Once you put your hand into the plaster and begin mixing, you're committed to the process... the plaster begins to set from this moment. The speed of the set is affected by such variables as the temperature of the water, air humidity, the temperature of your shop and the age of your plaster.

This first bit onto the model is called the "impression layer." The plaster has the consistency of  thick milk at this point and gets into every nook and crevice of your model. This is good! This ensures excellent detail in your plaster mold.

Next time I will build up a "retaining wall" with water clay around the perimeter of my plasticene model. This would have kept the "liquidus" plaster in place and kept it from sloshing all over my bottom board.

Slosh slosh slosh....

As the plaster begins to set, it starts to hold its own shape. I can still scoop it up and use it to build onto the surface of the mold.
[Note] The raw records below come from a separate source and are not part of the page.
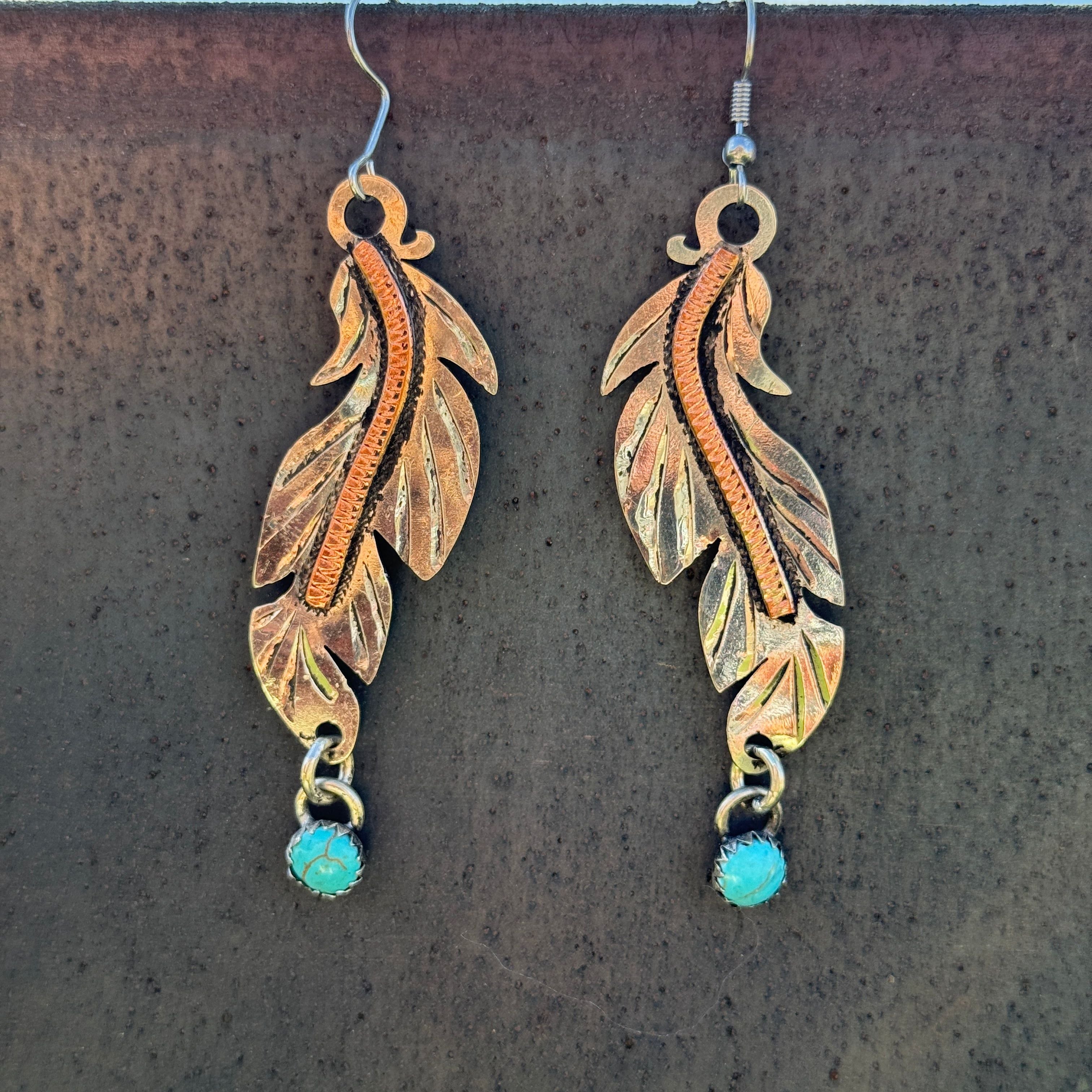 Elevate your style with our Feather Stone Earrings, crafted with stunning turquoise stones and intricate silver and copper details. Each pair is handmade and 100% unique, offering a custom fashion statement that embodies Western elegance. Engraved embellishments add a sophisticated touch to these exquisite earrings.
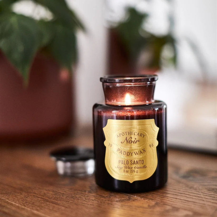 It's Apothecary...with an edge. Apothecary Noir is a sophisticated take on Paddywax's best-selling apothecary candle line. Featuring the same iconic shape of an old world apothecary bottle, Noir brings an extra does of decadence with inky black tinted glass and embossed metallic labels. Every Paddywax Candle is made with a clean-burning soy wax blend, alluring fragrance oils, and 100% cotton wicks, ensuring safe and long-lasting fragrances for your space.
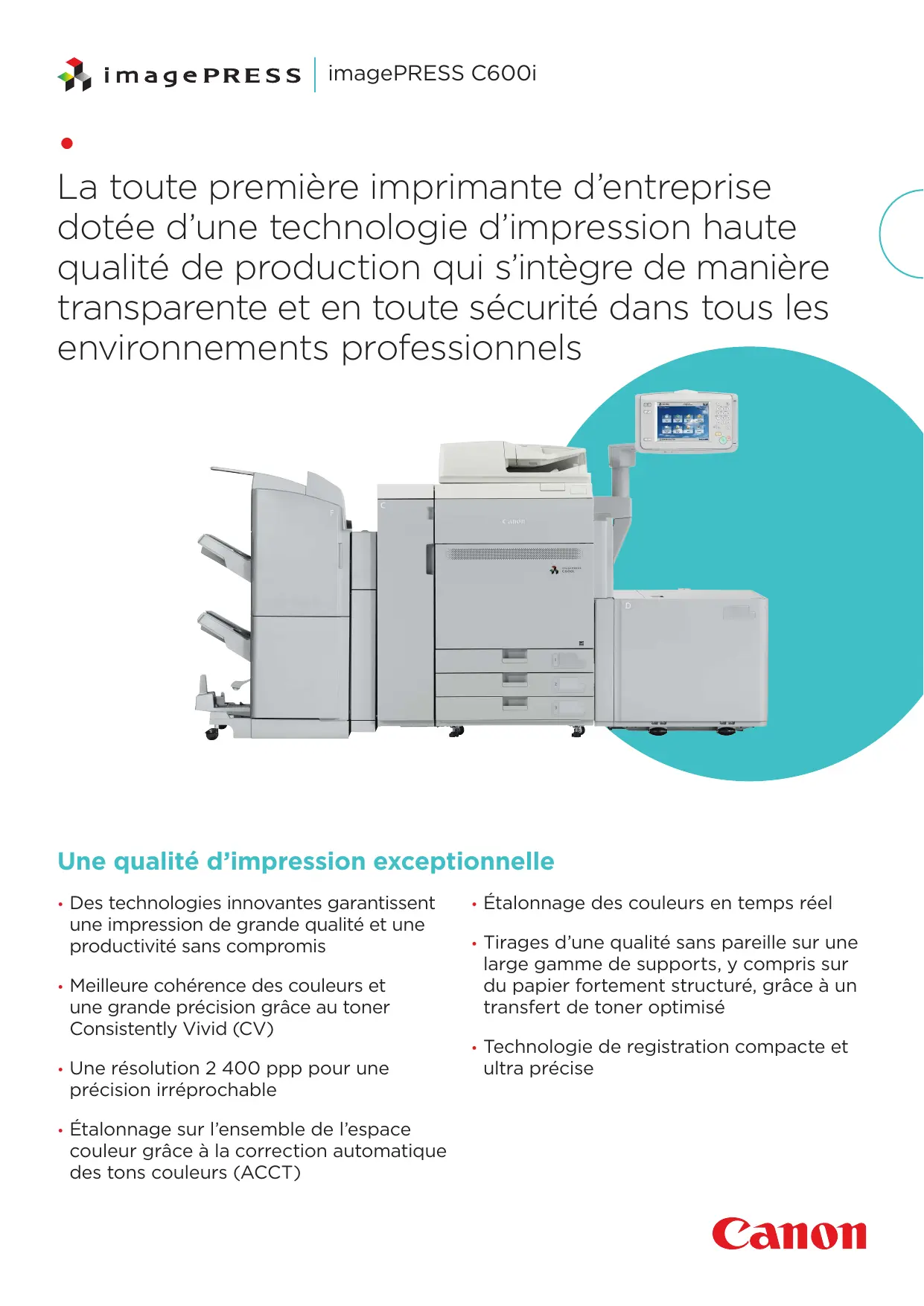 Retrouvez gratuitement la notice de l'appareil IMAGEPRESS C600I CANON au format PDF.
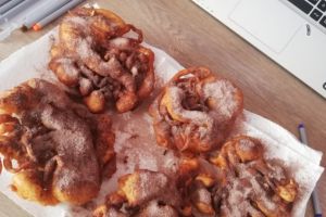 Orijinal adı ''Funnel Cake'' olan tatlımız Kuzey Amerika’da popüler olan ve aslında mayasız hazırlanan bir donut türüdür. Un, süt, yumurta ve az miktarda şekerle hazırlanan hamurun bir huni yardımıyla kızgın yağın içerisine dairesel hareketlerle aktarılarak kızartılmasıyla hazırlanır. Bu yüzden de huni kek ismini almıştır.
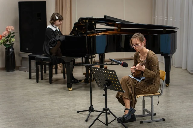Музыканты выступали не только сольно: несколько произведений были исполнены фортепианными дуэтами. Русскую народную песню «Что ты травушка рано пожелтела» ученица 7 класса Даная Васильева представила в сопровождении домры преподавателя школы Ульяны Капустиной. Под аккомпанемент рояля прозвучали и вокальные пьесы. Одну из них спела выпускница школы Надежда Сапрыкина.
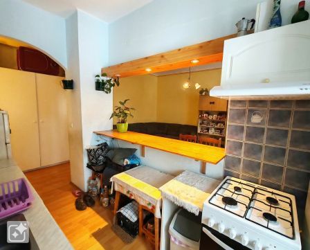 A lakás praktikus elrendezésű: a nappali és konyha egy kis átalakításnak köszönhetően szinte egy légtérbe került, így világos, jól kihasználható életteret biztosít. A külön nyíló szoba ideális hálószobának.
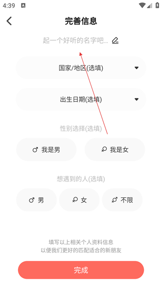 4、在完善信息页面填写昵称、地区等信息,选择性别及匹配偏好后,点击【完成】即可完成注册流程。

Smoothing the outside of the mold.

While the plaster is still malleable, make a "plateau," or flat spot, on top. When you flip the mold over later on to remove the plasticene model, this plateau will allow the plaster mold to sit evenly on the table without rocking.

Later on that night: I release the foam hand from the alginate mold. Insert your stick between the alginate and the plastic mother mold to release the alginate from the mother mold.

Gently open the alginate mold. Go easy so as not to break the foam fingers.

Beautiful! Robert's foam hand emerges with all of its digits perfectly formed!